Nissan, in a Tokyo demonstration recently, deployed exchangeable batteries for the electric Taxi fleet used there, city-wide. Freshly charged batteries were exchanged in moments to waiting taxi-cabs! Using electric car batteries as ballast may also mitigate the problem of intermittent and over-production of Solar, Wind, Tidal, Wave, systems of renewable or perpetual, if you prefer, power. Nuclear rector's necessarily steady output, unused at night time, when demand is low, can also be absorbed by charging automotive batteries, thus resolving the over-production problem nicely. America must convert from its foreign liquid energy economy to a domestic electric economy to balance the books and return to former prosperity. The sooner this convulsive paradigm shift occurs, the better for the average American citizen and the environment. Nuclear /Electric powered , electric bullet train networks are a reality in China and Europe as they make efforts to avoid the inevitable “Oil Price Crunch”. Only America stubbornly depends on oil alone. Why?

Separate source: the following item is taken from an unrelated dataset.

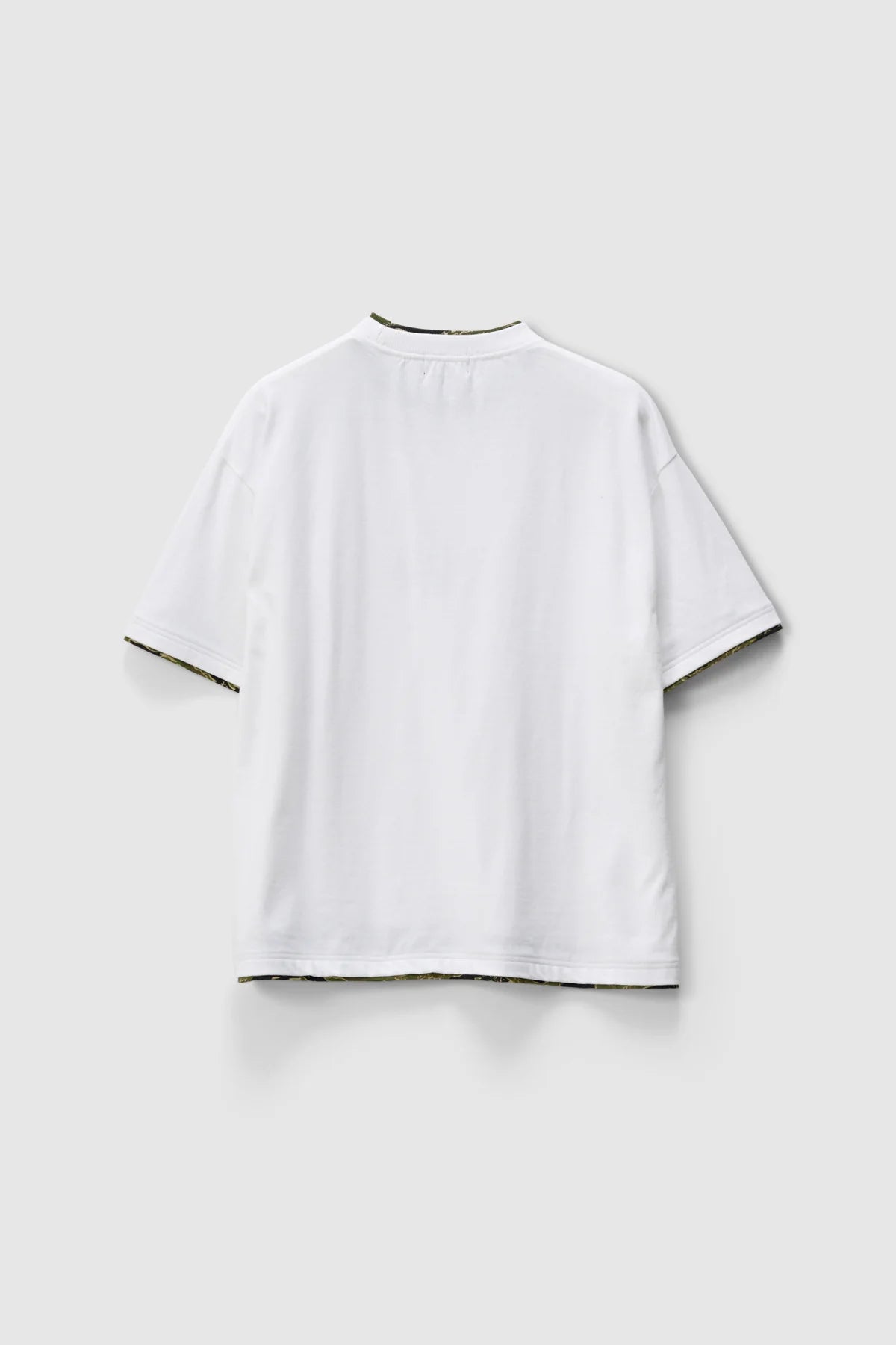 The Double Layer Gorilla Fit Tee in White is a slightly cropped short sleeve tee in our boxy fit. Featuring camo printed jersey layer at neck, sleeves, and hem. Constructed from a heavyweight carded cotton jersey, this tee features elevated prints and premium trims.

Soylent is right, this would be VERY EXPENSIVE natural gas. With Wind Energy running 12-15 cents per kwh. Solar at 30-50 cents per kwh. Add the capital cost of the plant & storage. Probably adding another 1-3 cents per kwh. And 30-50% conversion efficiency. If using the NG to produce electricity, round trip conversion efficiency would be more like 15-30% efficiency. So using "green" Wind Energy you will have an energy cost of around 37 cents per thermal kwh using Wind and $1.04 per thermal kwh using Solar. With current NG price of 1.4 cents per thermal kwh. That's 26 to 75X higher cost. Economically unsustainable.

This kind of stupidity is being promoted, while at the same time Western governments are on an IDIOTIC BINGE of replacing Coal power generation(and believe it or not - Nuclear - see Vermont Yankee) with NG. Conserve the NG for these Energy Storage applications at a few percent of the cost, and use clean, green Nuclear to generate baseload power and heat. And convert the NG into liquid fuels, like Methanol for 3.2 cents per liter, and use that to replace rapidly dwindling Oil. It is a criminal act to waste NG for baseload power generation.

Use excess energy to compress the abundantly avilable air. Store it in reservoirs used for storing natural gas. Run turbines at night using this comopressed air. Energy loss in the whole cycle is less than 15 %. Germany already has a plant using this principle with a capacity of of 120 MW.